Es ist auch der Klimawandel mit seinen heißen Sommern und den Wetterextremen, der der Arnika zusetzt. Genetisch kann sie sich nur schwer den Klimaveränderungen anpassen, denn die Heilpflanze wird mehrere Jahrzehnte alt. Bis die nachfolgenden Generationen durch genetische Veränderungen reagieren, kann es also längst zu spät sein. Dazu kommt: Die Arnika bevorzugt nährstoffarme, artenreiche Standorte – doch nur wenig gedüngte Flächen und Magerwiesen sind in Bayern aufgrund der intensiven Landwirtschaft selten.
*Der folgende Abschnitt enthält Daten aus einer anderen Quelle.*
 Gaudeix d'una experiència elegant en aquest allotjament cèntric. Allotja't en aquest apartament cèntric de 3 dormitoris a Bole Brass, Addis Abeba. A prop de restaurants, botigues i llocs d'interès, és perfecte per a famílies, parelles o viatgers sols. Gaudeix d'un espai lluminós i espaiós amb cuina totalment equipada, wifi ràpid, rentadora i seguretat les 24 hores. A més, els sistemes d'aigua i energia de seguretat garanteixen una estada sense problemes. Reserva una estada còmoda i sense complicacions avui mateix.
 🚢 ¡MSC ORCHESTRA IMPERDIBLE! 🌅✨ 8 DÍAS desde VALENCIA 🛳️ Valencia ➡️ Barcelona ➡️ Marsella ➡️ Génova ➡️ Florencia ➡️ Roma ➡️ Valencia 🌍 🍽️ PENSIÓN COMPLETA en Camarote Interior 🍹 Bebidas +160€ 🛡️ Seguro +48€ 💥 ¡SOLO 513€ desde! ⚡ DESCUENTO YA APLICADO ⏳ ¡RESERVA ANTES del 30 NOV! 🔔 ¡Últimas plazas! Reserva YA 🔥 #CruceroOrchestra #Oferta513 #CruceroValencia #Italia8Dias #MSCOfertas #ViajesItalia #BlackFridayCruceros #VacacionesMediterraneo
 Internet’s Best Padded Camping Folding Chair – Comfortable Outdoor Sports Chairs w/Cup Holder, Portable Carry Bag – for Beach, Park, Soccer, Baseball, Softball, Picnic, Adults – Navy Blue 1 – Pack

Auch sandig, torfig-humose Wiesen sind mittlerweile rar.

Der Bund Naturschutz hilft mit Schutzflächen: Die Ortsgruppe Floß des Bundes Naturschutz in Hildweinsreuth im Landkreis Weiden betreut eine solche Schutzfläche bereits seit dem Jahr 1988. Dort finden sich mehr als 64 Pflanzenarten, auch die Arnika wird dort kontinuierlich und erfolgreich ausgesät. Was, so heißt es beim Bund Naturschutz, gar nicht so leicht ist. Denn die Arnika verbreitet sich nicht so einfach wie manch andere Wiesenblume. Ihre Samen sind nur bis ins Folgejahr hinein fruchtbar und breiten sich nur im unmittelbaren Umfeld durch Ausfall, Wind oder Anheften an Weidetiere aus.

Sie keimen bei ausreichender Feuchtigkeit ab etwa zehn Grad – doch Moos oder Grasfilz im Untergrund toleriert die Arnika nicht. Sie fordert offene Bodenstellen und wenig Konkurrenz durch andere Pflanzen. Und weil solche Stellen gar nicht so oft vorkommen, sind Populationen vielerorts durch Überalterung bedroht.
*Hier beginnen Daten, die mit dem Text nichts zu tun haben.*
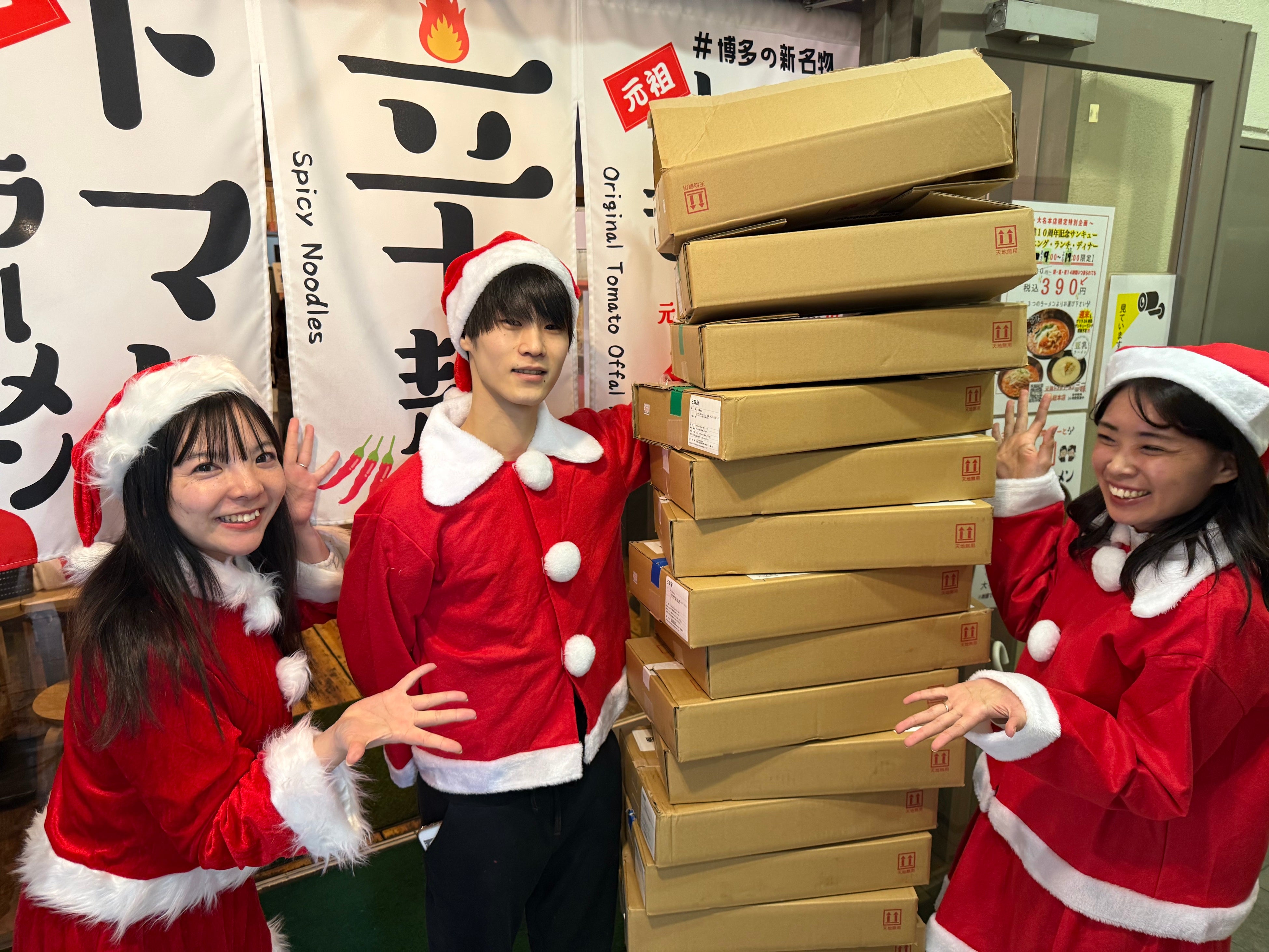 目標の2万杯には一歩届かなかったものの、天神大名総本店・天神大名中心店・博多駅東店ではそれぞれ3,000食を超えるご来店をいただくなど、多くの皆様に三味の味をお届けすることができました。 スタッフ一同、皆様の最高の笑顔に出会えたことが、何よりのクリスマスプレゼントとなりました。
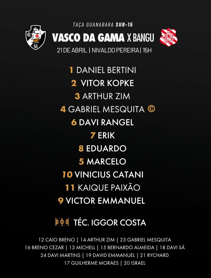 O Sub-15 do Vasco está escalado para enfrentar o Bangu, às 15h, no Nivaldo Pereira, pelo Carioca. O time não contará com os meias Ariel Gomes e Diego Bento, que estão servindo a Seleção da categoria. Oportunidade pra ver o jovem Vinicius Catani como titular na Vasco TV.
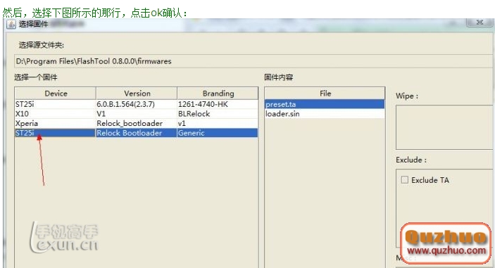 將下載的後綴.ftf的重新鎖回BL的補丁文件放入\\FlashTool 0.9.6.0\\firmwares文件夾。
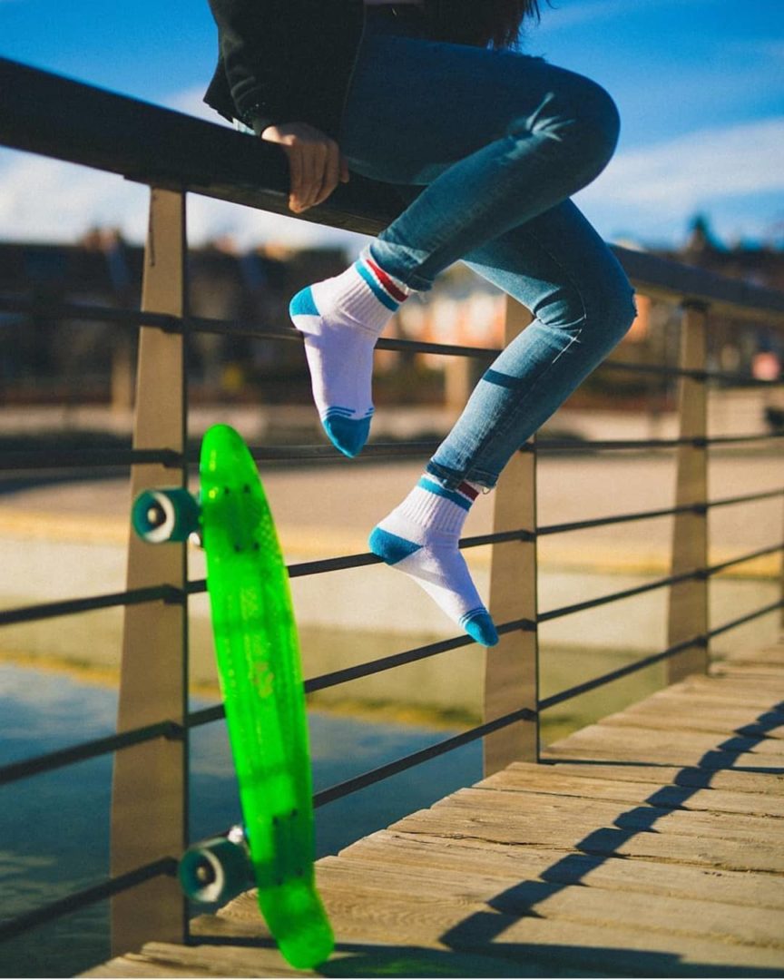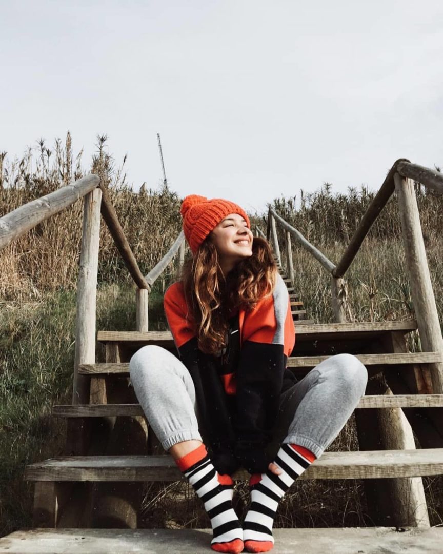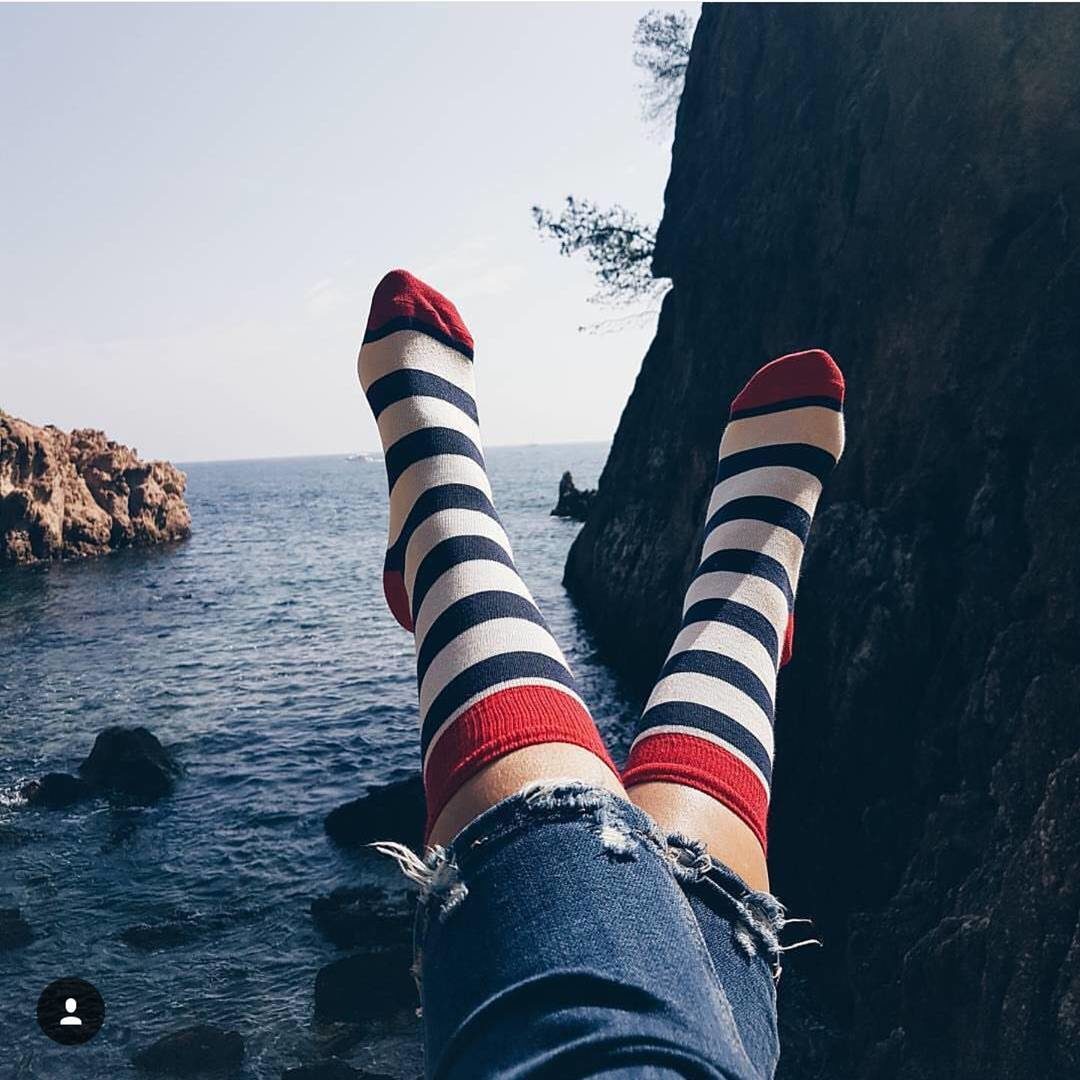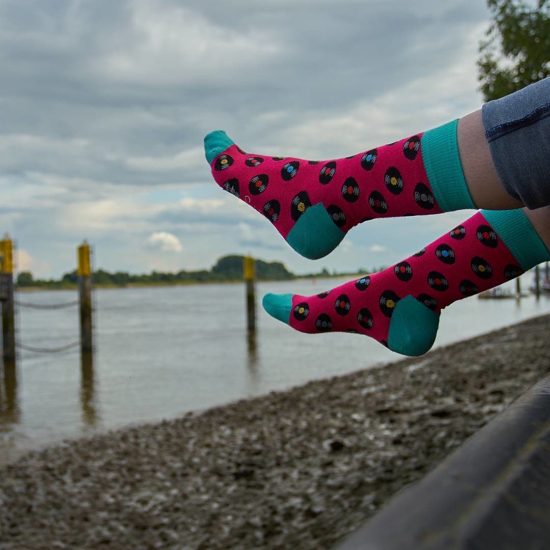 Bei Indoor Fotos ist es die Gemütlichkeit die das Bild vermittelt. Bei Outdoor macht es der starke Kontrast. Zu Hause ziehst du sowieso deine Schuhe aus. Draußen in der Natur oder mitten in der Stadt ist es eher ungewöhnlich. Auf der einen Seite hast du den Asphalt, die Wiese oder unendliche Landschaft als Hintergrund und verbindest das mit etwas gemütlichem und intimen…deinen schönsten Socken. Daher ist diese Variante die etwas spannendere und außergewöhnlichere. Die meisten Menschen würden sich dabei fragen, warum dort jemand in Socken durch den Sand läuft, oder auf einem Felsen klettert und dabei auch noch Fotos macht. Doch wir fragen uns bei der ganzen Sache einfach nur:

Eine Kultivierung der Arnika – übrigens müht sich auch der Biologische Garten in Luxemburg um die Pflanze – ist also eher schwierig. Der Standort muss passen und die Samen müssen aus der jeweiligen Region stammen. Gleichzeitig ist wegen der Vielseitigkeit im medizinischen Einsatz der Bedarf hoch. Auf rund 50.000 Kilogramm getrocknete Blüten wird der jährliche Bedarf allein für Deutschland geschätzt. Die gute Nachricht: Seit einigen Jahren gibt es eine Zuchtform, die "Arnica montana arbo", in der dieselben wirksamen Substanzen wie in der Wildform zu finden sind.

Was sich seit Goethes Zeiten geändert hat: Heute ist bekannt, dass die Einnahme von Arnika-Zubereitungen weitere toxische Wirkung haben kann, zum Beispiel auf das Herz. Die orale Verwendung ist daher phytotherapeutisch nicht mehr üblich.